I have lived with secrets. I understand the schizophrenia of such a life. I haven’t murdered anyone, but I’ve deceived people, deliberately, and pretended to be one thing while inside I knew I was someone else entirely. “You want to get creeped out?” I occasionally ask myself when I catch myself in a particularly judgmental mood. “Take a look in the mirror.” And I know plenty of people who are living with secrets now, who don’t even know that I know their secrets. But I do. These days I feel a great sorrow for such people. They are following a pattern that is as old as mankind itself. Deny. Rationalize. Run away. Adam and Eve did it. There are days when I still want to do it, too.
We like to think of light as a good thing. But there is such a thing as unflattering light, a light that lets us see all the ugliness and brokenness, that exposes the desperately pathetic charade of righteousness, and the dead corpses rotting beneath the foundation of the house.
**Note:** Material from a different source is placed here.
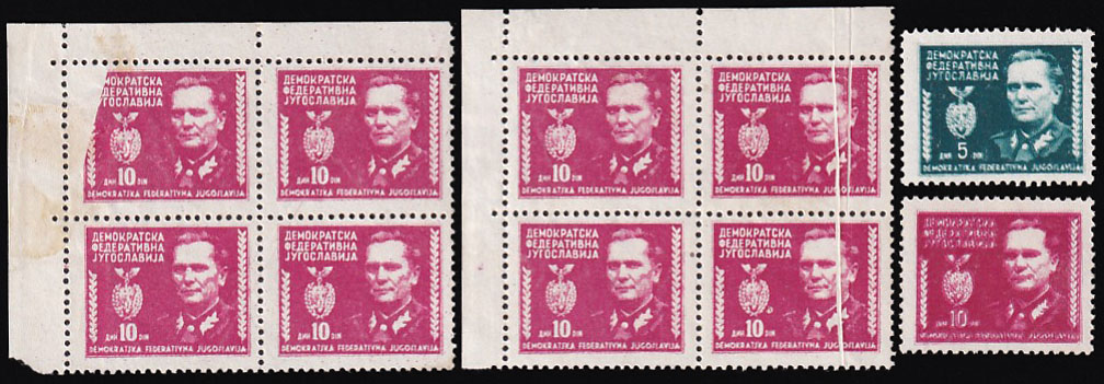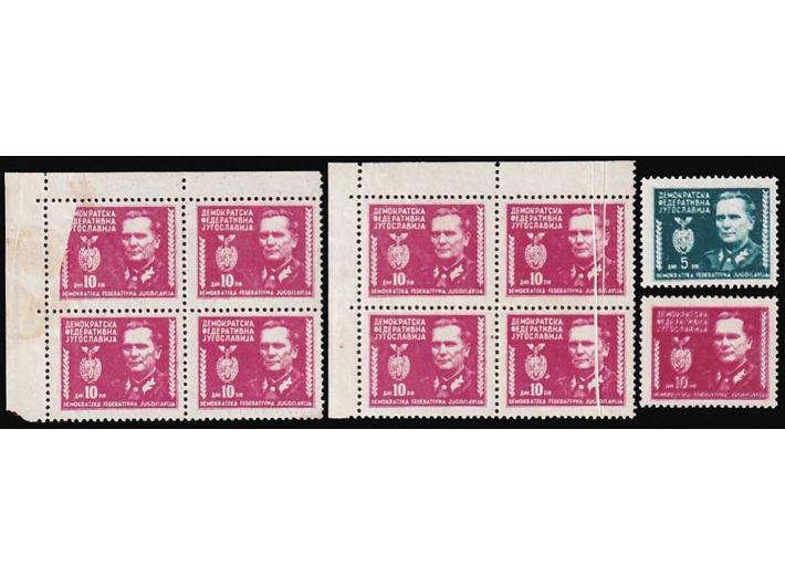 - Michel br. 455 četverac s nekompletno otisnutom slikom kod prve marke i četverac

I’m fairly convinced that we can’t be healed unless and until we start to see ourselves in that unflattering light.
His father was a drinker
And his mother cried in bed
Folding John Wayne's T-shirts
When the swingset hit his head
The neighbors they adored him
For his humor and his conversation
Look underneath the house there
Find the few living things
Rotting fast in their sleep of the dead
Twenty-seven people, even more
They were boys with their cars, summer jobs
Oh my God
Are you one of them?
He dressed up like a clown for them
With his face paint white and red
And on his best behavior
In a dark room on the bed he kissed them all
He'd kill ten thousand people
With a sleight of his hand
Running far, running fast to the dead
He took off all their clothes for them
He put a cloth on their lips
Quiet hands, quiet kiss
On the mouth
And in my best behavior
I am really just like him
Look beneath the floorboards
For the secrets I have hid
-- Sufjan Stevens, “John Wayne Gacy, Jr.”